**Your objective:**
The job is to output exactly the lines that run from the start of the entries through the line containing "Ann Taylor Tweed", pictures omitted.

━━━━━ Input for this task

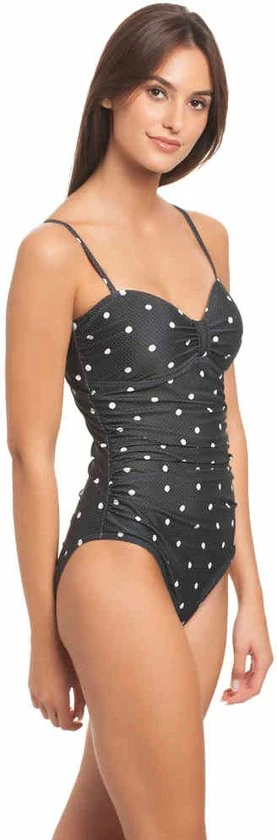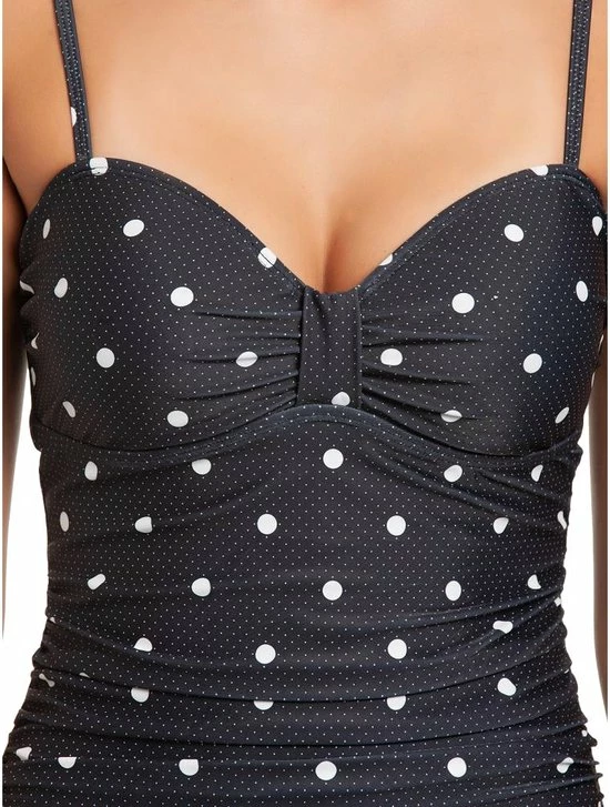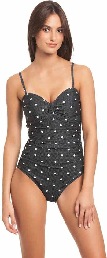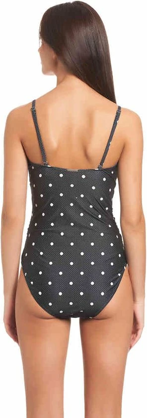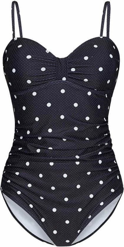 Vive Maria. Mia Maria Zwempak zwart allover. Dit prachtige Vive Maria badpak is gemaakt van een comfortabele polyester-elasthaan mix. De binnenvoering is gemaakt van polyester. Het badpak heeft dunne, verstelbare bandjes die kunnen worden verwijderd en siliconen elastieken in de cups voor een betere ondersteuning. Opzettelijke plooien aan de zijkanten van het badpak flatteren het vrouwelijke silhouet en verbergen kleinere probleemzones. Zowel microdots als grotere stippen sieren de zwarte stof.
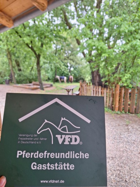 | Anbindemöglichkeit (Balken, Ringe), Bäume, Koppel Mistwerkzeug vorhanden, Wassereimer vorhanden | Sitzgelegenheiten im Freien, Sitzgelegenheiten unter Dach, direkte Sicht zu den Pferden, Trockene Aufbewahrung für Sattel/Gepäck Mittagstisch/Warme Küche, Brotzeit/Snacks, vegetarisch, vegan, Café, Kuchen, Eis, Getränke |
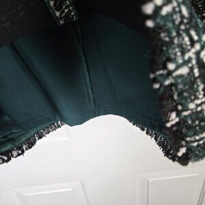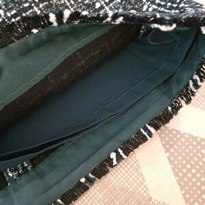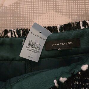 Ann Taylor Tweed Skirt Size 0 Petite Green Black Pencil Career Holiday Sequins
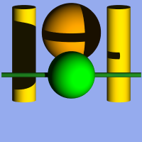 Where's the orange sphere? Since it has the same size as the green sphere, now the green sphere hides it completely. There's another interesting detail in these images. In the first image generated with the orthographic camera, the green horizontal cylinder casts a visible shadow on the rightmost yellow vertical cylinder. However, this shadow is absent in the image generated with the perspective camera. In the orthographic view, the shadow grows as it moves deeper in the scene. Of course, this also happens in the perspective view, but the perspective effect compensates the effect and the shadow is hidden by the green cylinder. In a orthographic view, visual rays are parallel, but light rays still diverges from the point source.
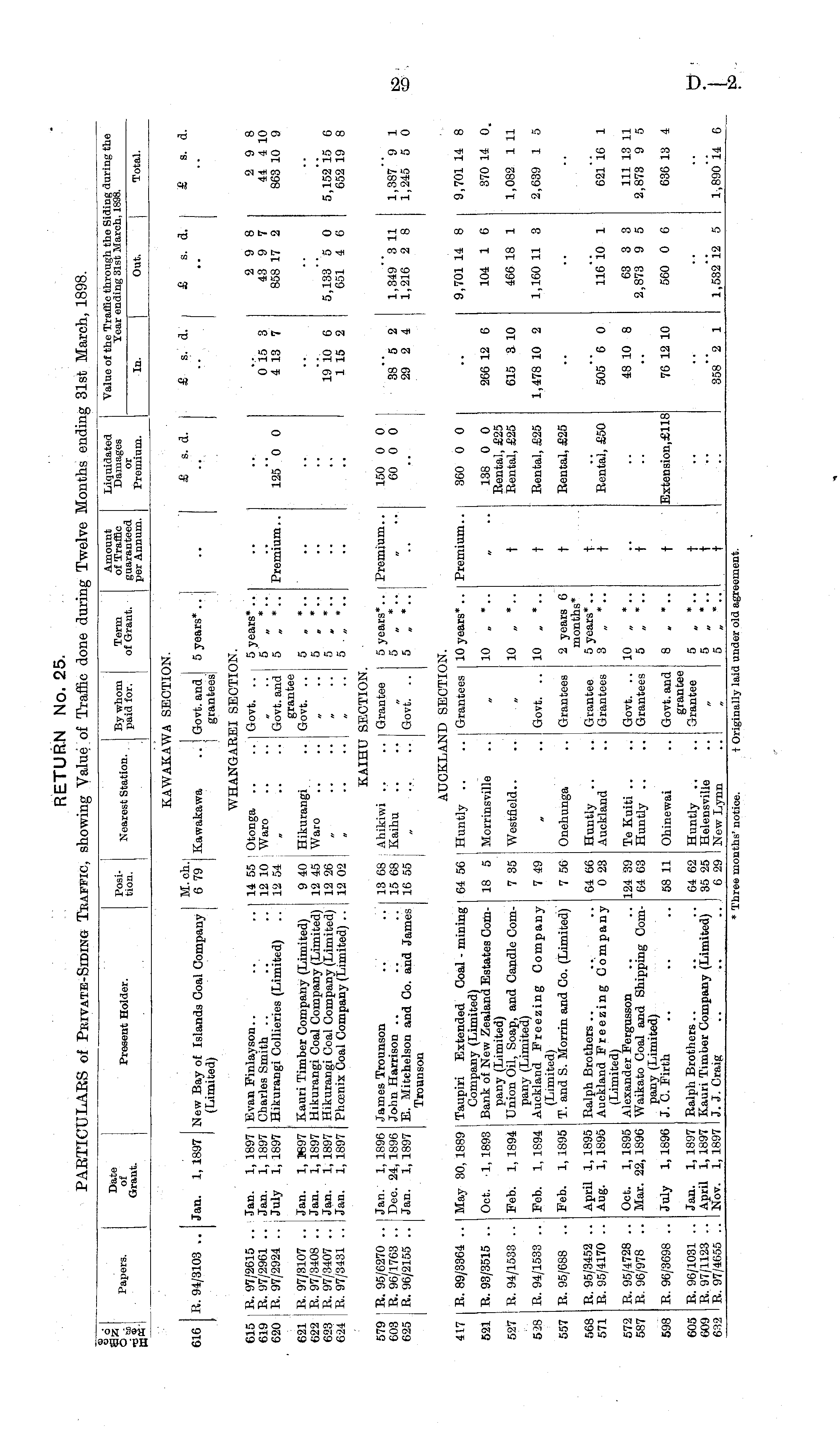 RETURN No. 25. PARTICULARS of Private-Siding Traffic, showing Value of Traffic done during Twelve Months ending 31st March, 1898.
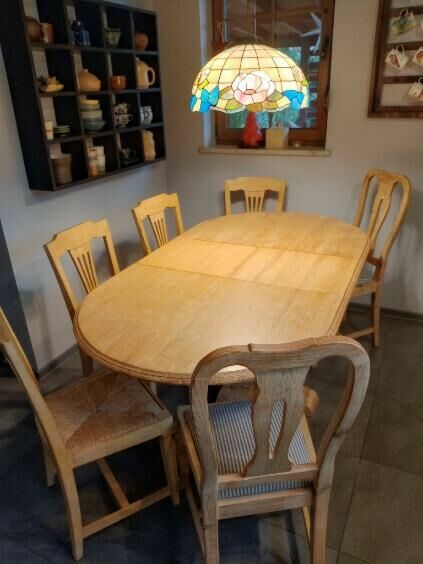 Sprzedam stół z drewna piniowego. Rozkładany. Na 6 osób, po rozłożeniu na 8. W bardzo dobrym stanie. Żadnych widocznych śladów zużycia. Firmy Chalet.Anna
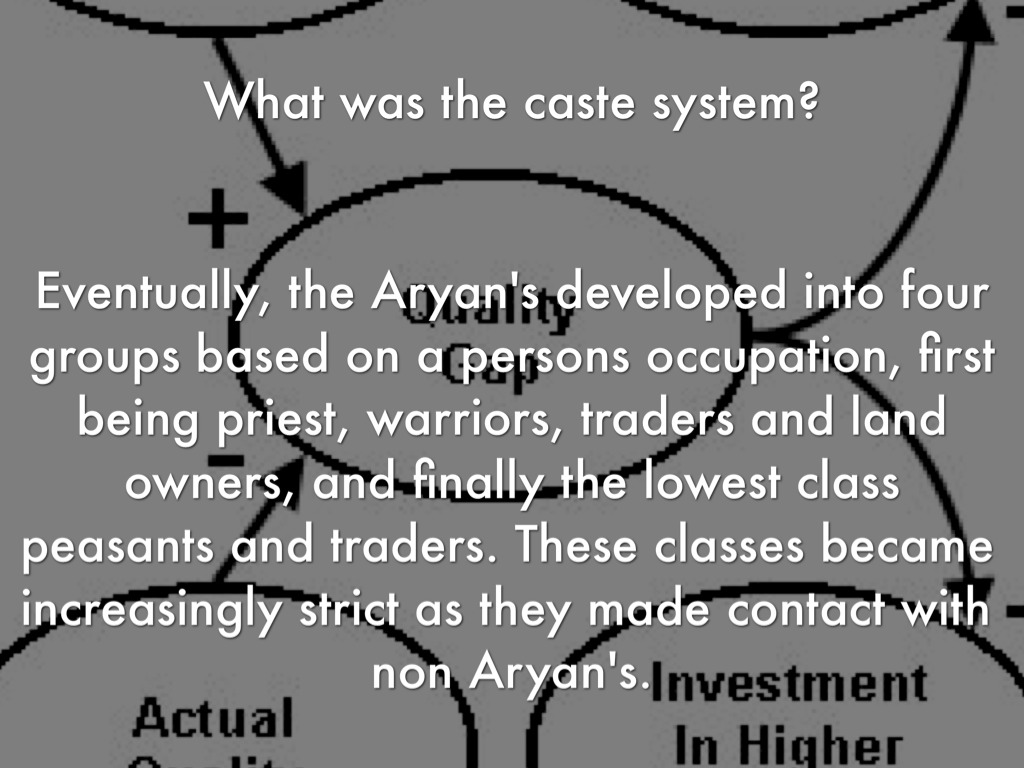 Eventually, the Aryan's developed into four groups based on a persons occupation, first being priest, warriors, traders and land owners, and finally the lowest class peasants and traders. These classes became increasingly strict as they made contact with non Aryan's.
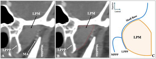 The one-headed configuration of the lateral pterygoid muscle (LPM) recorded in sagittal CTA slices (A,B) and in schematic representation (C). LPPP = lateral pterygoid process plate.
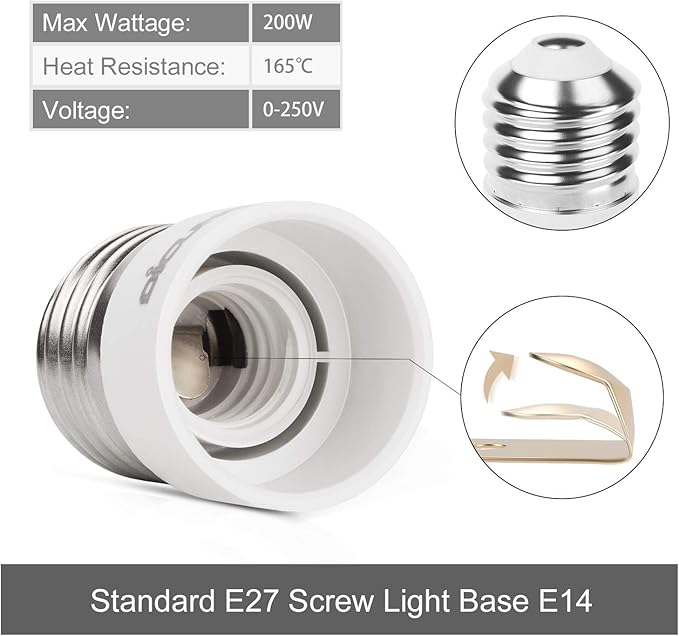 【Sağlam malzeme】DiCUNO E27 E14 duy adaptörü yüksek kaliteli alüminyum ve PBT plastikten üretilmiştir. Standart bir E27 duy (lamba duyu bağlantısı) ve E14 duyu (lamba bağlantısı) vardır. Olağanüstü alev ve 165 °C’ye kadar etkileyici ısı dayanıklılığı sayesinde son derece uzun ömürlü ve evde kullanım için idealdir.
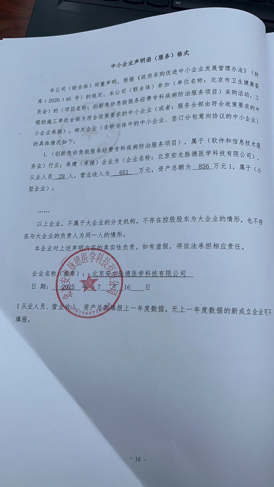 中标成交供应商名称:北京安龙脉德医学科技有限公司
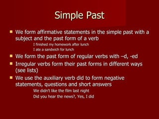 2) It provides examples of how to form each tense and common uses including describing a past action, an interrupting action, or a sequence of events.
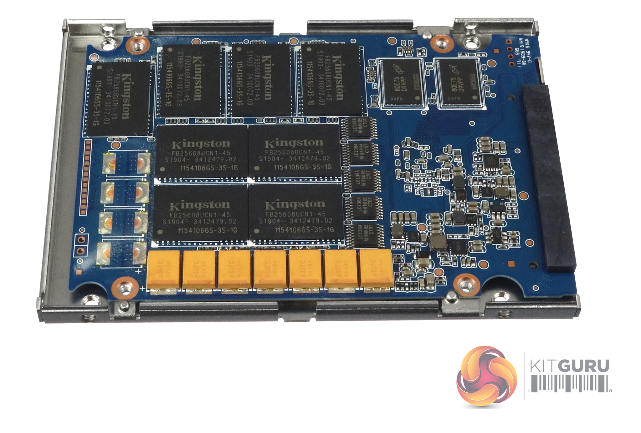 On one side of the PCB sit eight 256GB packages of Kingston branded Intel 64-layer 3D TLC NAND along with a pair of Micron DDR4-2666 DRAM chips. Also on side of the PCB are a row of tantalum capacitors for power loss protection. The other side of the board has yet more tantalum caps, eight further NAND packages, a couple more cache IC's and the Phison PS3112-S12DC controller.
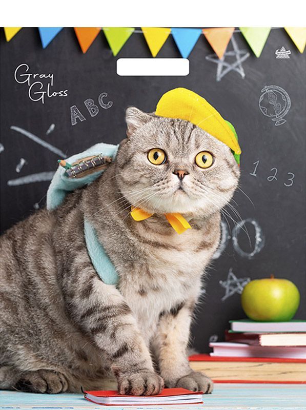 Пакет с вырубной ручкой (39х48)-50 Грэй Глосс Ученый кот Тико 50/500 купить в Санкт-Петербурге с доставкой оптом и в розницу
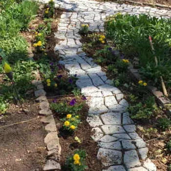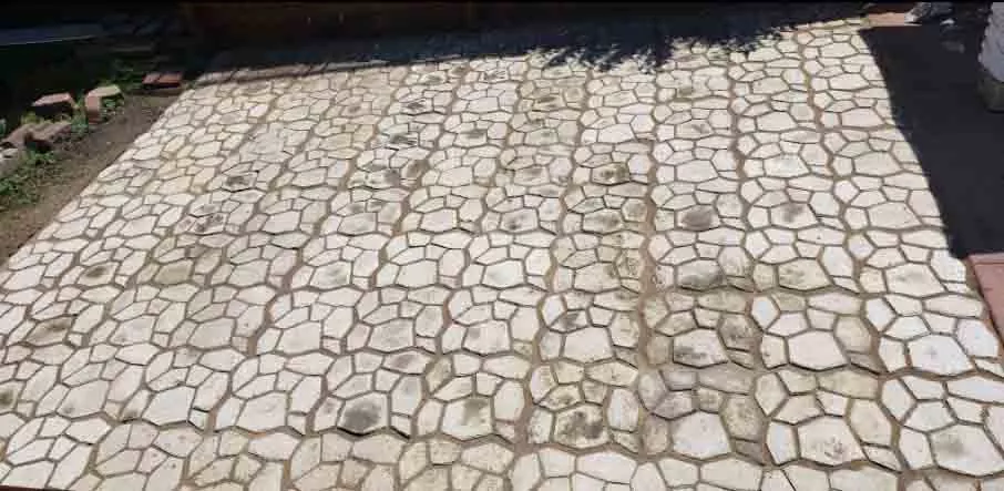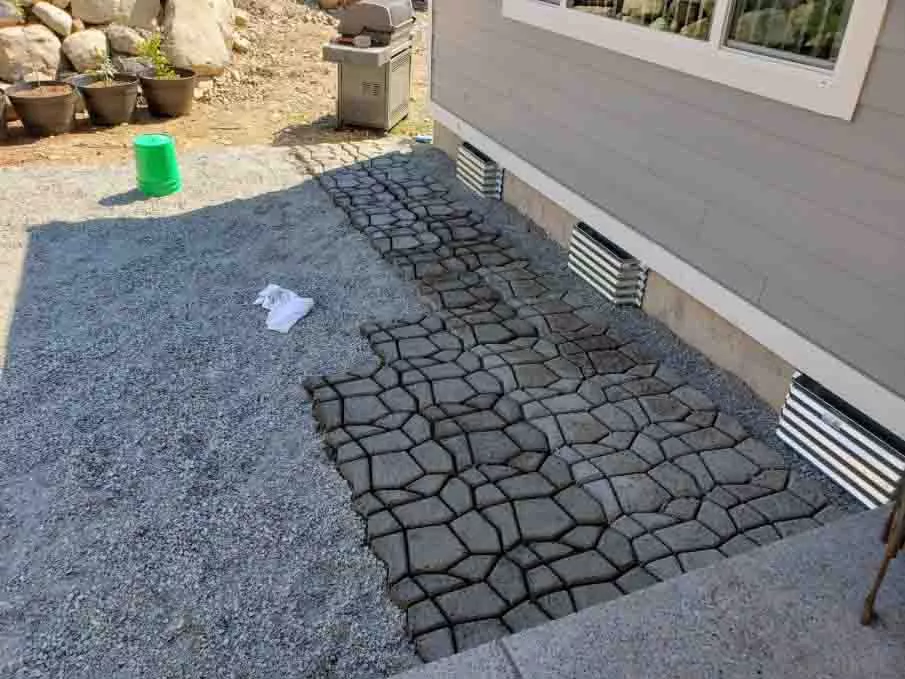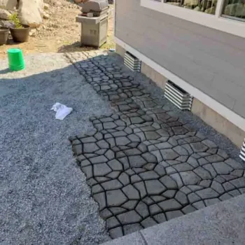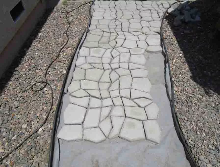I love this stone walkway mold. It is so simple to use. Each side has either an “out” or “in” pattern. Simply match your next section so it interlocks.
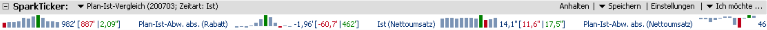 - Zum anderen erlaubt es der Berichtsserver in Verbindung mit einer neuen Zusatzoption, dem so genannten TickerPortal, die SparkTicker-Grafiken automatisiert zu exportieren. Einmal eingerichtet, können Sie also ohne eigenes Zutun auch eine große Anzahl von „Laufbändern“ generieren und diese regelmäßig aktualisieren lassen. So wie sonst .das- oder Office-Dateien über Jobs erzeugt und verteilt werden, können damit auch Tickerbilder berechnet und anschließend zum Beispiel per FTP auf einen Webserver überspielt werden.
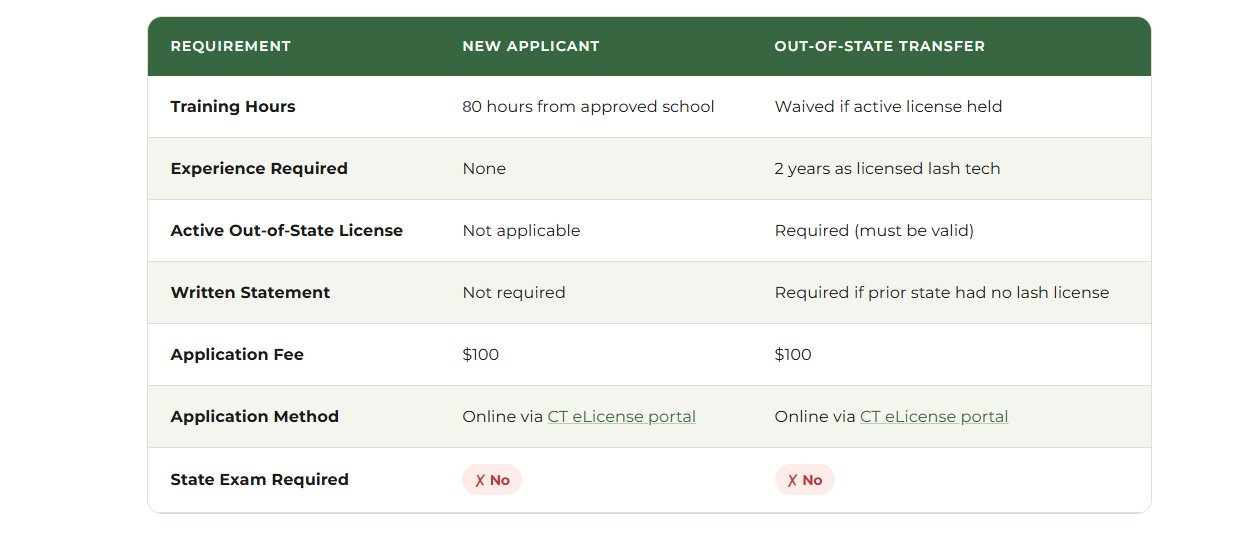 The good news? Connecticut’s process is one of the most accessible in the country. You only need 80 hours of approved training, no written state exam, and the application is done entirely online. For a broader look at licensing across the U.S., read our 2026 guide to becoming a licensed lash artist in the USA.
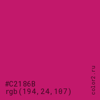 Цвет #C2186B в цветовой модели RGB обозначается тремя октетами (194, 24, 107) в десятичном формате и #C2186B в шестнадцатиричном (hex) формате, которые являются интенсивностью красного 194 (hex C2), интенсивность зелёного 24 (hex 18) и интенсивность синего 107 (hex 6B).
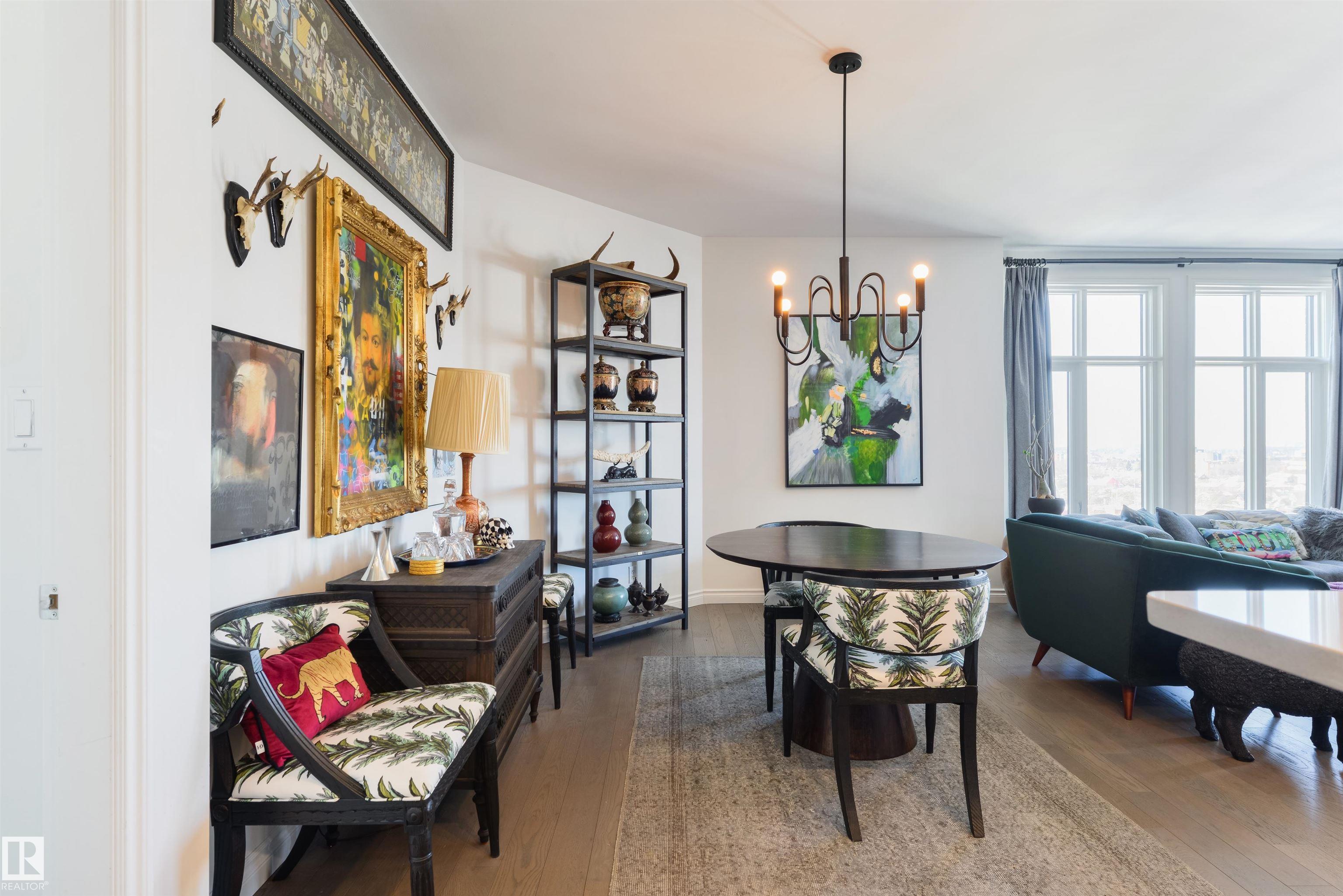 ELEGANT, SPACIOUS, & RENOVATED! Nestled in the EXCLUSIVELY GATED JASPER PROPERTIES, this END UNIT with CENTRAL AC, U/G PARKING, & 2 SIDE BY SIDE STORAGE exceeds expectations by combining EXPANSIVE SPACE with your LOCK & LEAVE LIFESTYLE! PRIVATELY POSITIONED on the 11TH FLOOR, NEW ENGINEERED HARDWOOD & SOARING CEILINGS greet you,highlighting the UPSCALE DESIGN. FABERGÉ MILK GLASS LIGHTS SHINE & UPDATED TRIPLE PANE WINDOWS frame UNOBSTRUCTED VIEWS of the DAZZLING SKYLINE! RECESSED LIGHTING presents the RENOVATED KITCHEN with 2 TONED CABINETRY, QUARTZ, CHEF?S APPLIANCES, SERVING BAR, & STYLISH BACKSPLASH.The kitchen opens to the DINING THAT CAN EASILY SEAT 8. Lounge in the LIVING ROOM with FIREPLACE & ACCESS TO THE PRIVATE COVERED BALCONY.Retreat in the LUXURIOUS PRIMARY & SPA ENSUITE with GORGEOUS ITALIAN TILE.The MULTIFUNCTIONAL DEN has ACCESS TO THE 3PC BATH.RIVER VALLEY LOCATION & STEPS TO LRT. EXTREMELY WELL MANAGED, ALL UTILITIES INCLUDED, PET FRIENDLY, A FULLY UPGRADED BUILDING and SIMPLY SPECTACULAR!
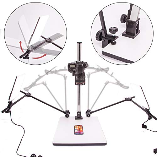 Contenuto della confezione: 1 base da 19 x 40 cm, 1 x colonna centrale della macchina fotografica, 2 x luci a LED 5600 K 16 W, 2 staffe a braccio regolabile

━━━━━━━━━━

**Result of the exercise:**
 Vive Maria. Mia Maria Zwempak zwart allover. Dit prachtige Vive Maria badpak is gemaakt van een comfortabele polyester-elasthaan mix. De binnenvoering is gemaakt van polyester. Het badpak heeft dunne, verstelbare bandjes die kunnen worden verwijderd en siliconen elastieken in de cups voor een betere ondersteuning. Opzettelijke plooien aan de zijkanten van het badpak flatteren het vrouwelijke silhouet en verbergen kleinere probleemzones. Zowel microdots als grotere stippen sieren de zwarte stof.
 | Anbindemöglichkeit (Balken, Ringe), Bäume, Koppel Mistwerkzeug vorhanden, Wassereimer vorhanden | Sitzgelegenheiten im Freien, Sitzgelegenheiten unter Dach, direkte Sicht zu den Pferden, Trockene Aufbewahrung für Sattel/Gepäck Mittagstisch/Warme Küche, Brotzeit/Snacks, vegetarisch, vegan, Café, Kuchen, Eis, Getränke |
 Ann Taylor Tweed Skirt Size 0 Petite Green Black Pencil Career Holiday Sequins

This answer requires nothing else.